Of the total number of 951 permanent VA used in 2013 group, 47.7% were AVFs, 3.3% AVGs and 49% were TCs. Among 210 temporary catheters 164 (78%) were placed in the jugular vein and 46 (22%) in the femoral vein; whereas in 2003, from the total number of 412 permanent VA, 97.3% were AVFs, 1% AVGs and 1.7% were TCs and among 207 temporary catheter used during dialysis 145 (70%) were placed in jugular vein, 39 (18.8%) in the femoral vein and 23 (11.2%) in subclavian vein.

In 2003, 53.1% of AVFs were placed in wrist (radiocephalic), whereas in 2013 only 9.5% of AVFs placed in the wrist and the entire was in elbow (brachiocephalic).

The 1, 2, 3 and 5 years AVF survival were 79.4%, 61.2%, 47.3%, and 31.5%, respectively, in 2013 [Figure 3] versus 80%, 78%, 73%, and 69% in 2003. Primary failure of AVF was 8.2% in 2013 versus 13% in 2003.

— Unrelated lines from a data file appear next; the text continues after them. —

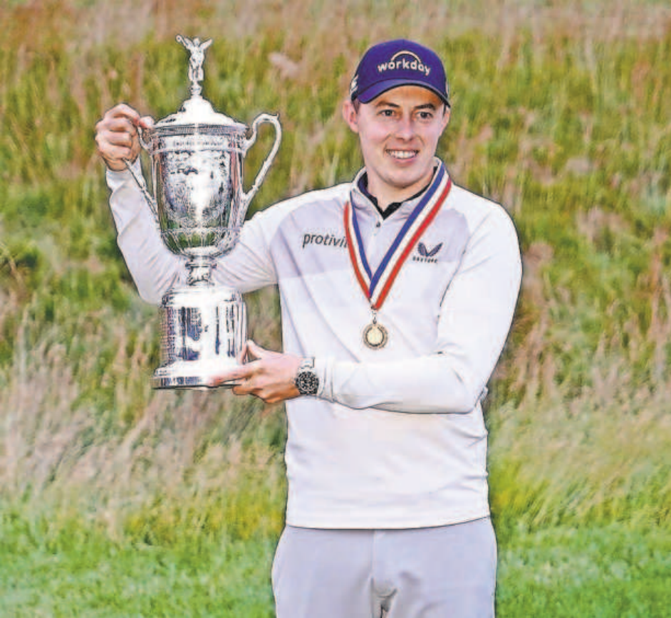
With his victory in the U.S. Open, Englishman Matt Fitzpatrick has risen from No. 18 to No. 10 in the Official World Golf Ranking.

cy and was 36th in driving average at 309 yards. Fitzpatrick is also legendary on tour for his work ethic. He has tracked every shot he has hit in competition and practice rounds for the last 12 years. If he continues to put in the work, more victories could be on the way.
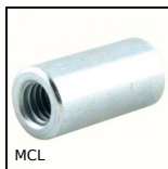
MCL Cylindrical threaded sleeve, Cylindrical - steel
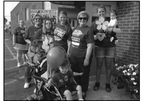
All ages - The Gromley Family is strolling in support.
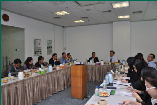
6 March - Briefing on STA's Proposal for Tax Incentive for Forest Plantation Projects
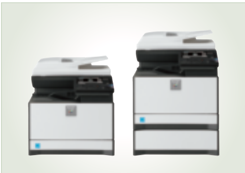
Expandable paper capacity stores up to 800 sheets.
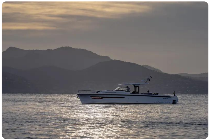
Nimbus Tender 11 (T11) Exterior
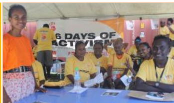
YWPG members at the stall to promote the film festival (right).
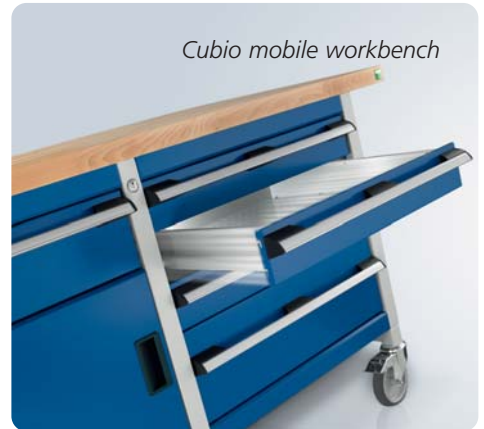
Cubio mobile workbench

This includes, The Bott Cubio and Verso ranges of industrial workplace, office & workshop storage equipment including drawer cabinets, storage cupboards, workbenches and chairs, mobile storage, & CNC systems.
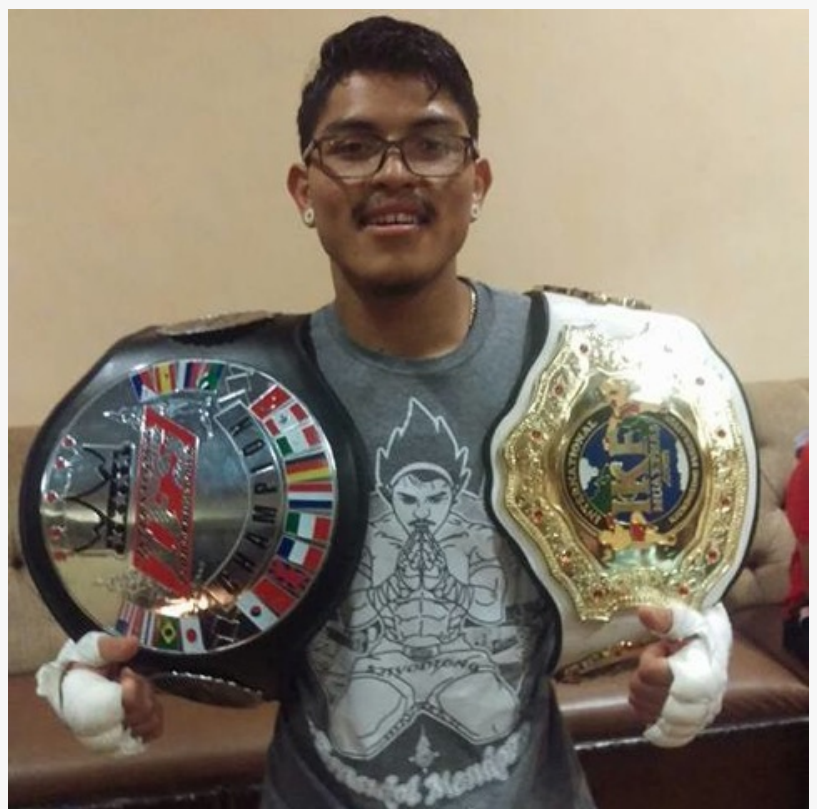
IFC and IFK Champion
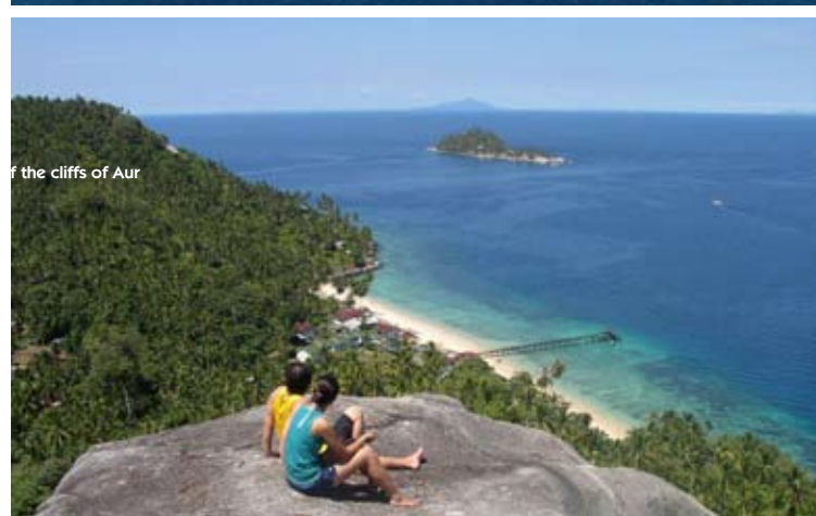
of the cliffs of Aur
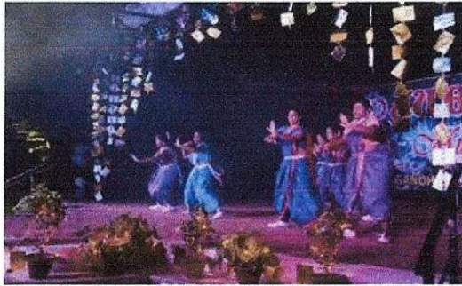
Musical Night of Behera houses
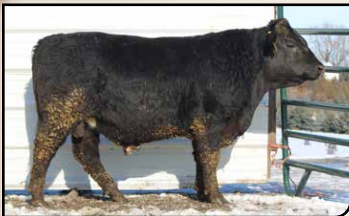
EBS ELKER EXTRA 594L

LOT NO. 594L EBS ELKER EXTRA 594L Calved: 3/15/23 222195 Tattoo: RE EBS594L/LE 594L
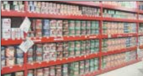
Paint Department -Instant assistance in areas that need a professional.
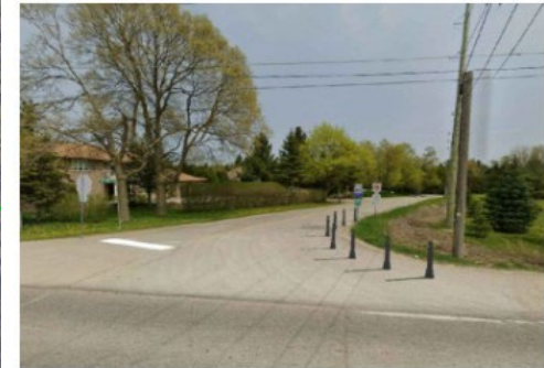
① DICKIE SETTLEMENT ROAD LOOKING EASTBOUND

NOTE: DETAILS SHOWN ON THIS DRAWING ARE BASED ON DESKTOP OBSERVATIONS ONLY.
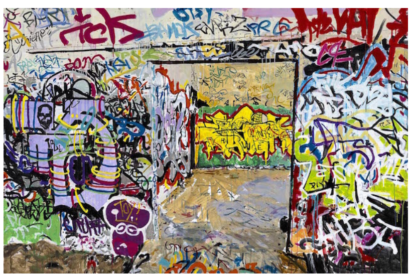
Chen Xuanrong 陈轩荣, G1.0.4.9, 140 x 210 cm, Acrylic on canvas, 布面丙烯, 2018

Arteriovenous fistula survival by Kaplan–Meier in 2013
Figure 3
Arteriovenous fistula survival by Kaplan–Meier in 2013

The graft use increased slightly from 2003 to 2013 at a constant low level (0.6% vs. 2.8% [P = 0.03]).

The maximum number of accesses that each patient used during dialysis was seven in 2013. The number of accesses used by each patient in two studies is shown in Table 2.

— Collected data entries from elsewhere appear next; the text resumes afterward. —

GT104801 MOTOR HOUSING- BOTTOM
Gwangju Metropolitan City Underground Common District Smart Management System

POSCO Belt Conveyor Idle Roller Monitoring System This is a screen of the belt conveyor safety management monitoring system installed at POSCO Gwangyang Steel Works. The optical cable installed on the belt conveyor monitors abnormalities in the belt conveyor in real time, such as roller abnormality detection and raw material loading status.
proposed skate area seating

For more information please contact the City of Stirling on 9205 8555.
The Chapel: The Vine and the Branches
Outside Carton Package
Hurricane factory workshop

Table 2 Numbers of permanent access used by each patient in 2013 and 2003

The following results were obtained from the study population in 2013. These variable were not evaluated in 2003.

Before the start of HD therapy 212 (39.5%) patients had AV fistula. The mean duration from placing an AV fistula until starting HD was 11 ± 24 months (minimum 1 and maximum 144 months). Among these patients, 190 (35.4%) used an AV fistula as their first AV access. Among the created fistula for dialysis patients, 97% of them were placed by a vascular surgeon and mean duration of use was 40 ± 44 months. A total of 110 patients (20.6%) had no fistula or graft.

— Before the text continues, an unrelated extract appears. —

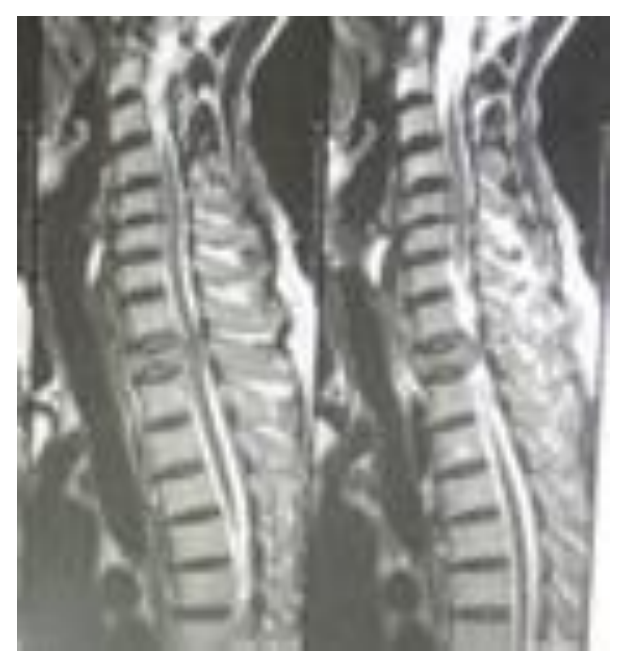
Fig. (2): T2 saggital image showing second thoracic vertebra pathological fracture

Fig. (1): STIR saggital image showing second thoracic vertebral pathological fracture
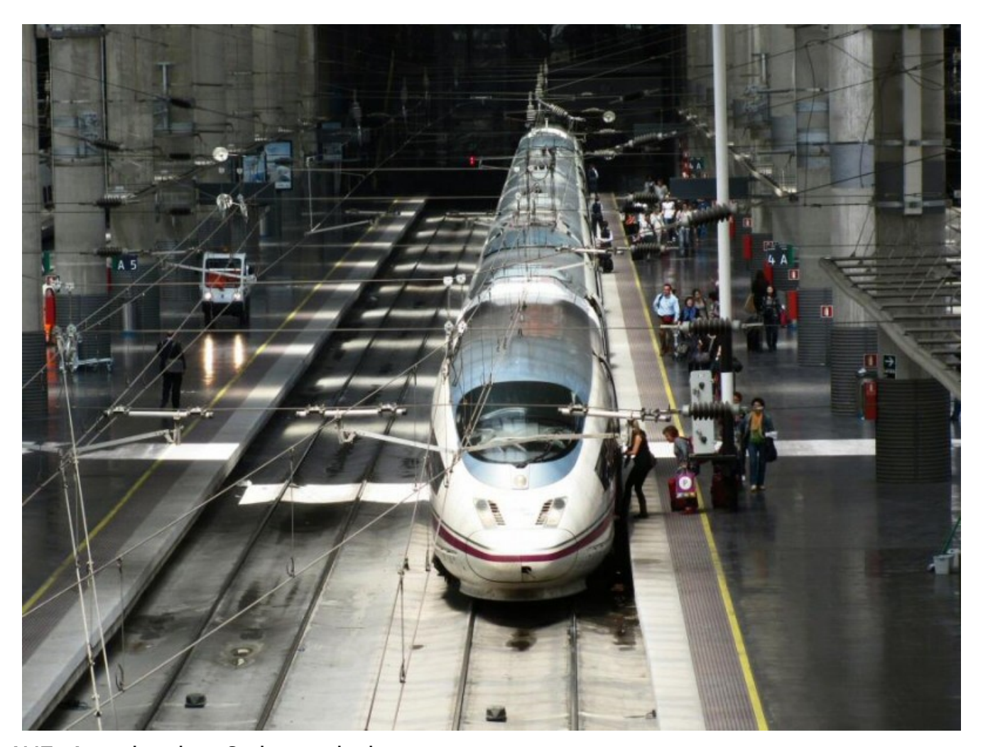
AVE Atocha

AVE is the Spanish high-speed-train system. These trains get you to some of the biggest cities in Spain in just few hours or less. Although prices aren't cheap, there are some ways to get them cheaper: the most advisable is to take 4 seats (a table). That way you'll save 40-50%. Also, it's good to remember that train stations are in the city center, so you won't spend money and time getting to and from the airport.

The mean use duration of temporary catheter was 42 ± 18 days for jugular CVC (minimum of 1 week up to 4 months) and 11 ± 6 days (minimum of 1 week up to 1 month) for femoral CVC. The mean use duration of permanent catheter was 11 ± 8 months (minimum of 2 weeks up to 42 months).

Forty-seven patients underwent kidney transplantation, with a mean graft survival of 74 ± 51 (range 0 -192) months.

Discussion

The periodic review of access for HD needs to be performed by all dialysis units in order to monitor their adequacy in observation of the international guidelines. Accordingly, an investigation was performed in HD units to analyze the changes observed in the profile of the VA used in 2013 compared to that in 2003 in the same dialysis units.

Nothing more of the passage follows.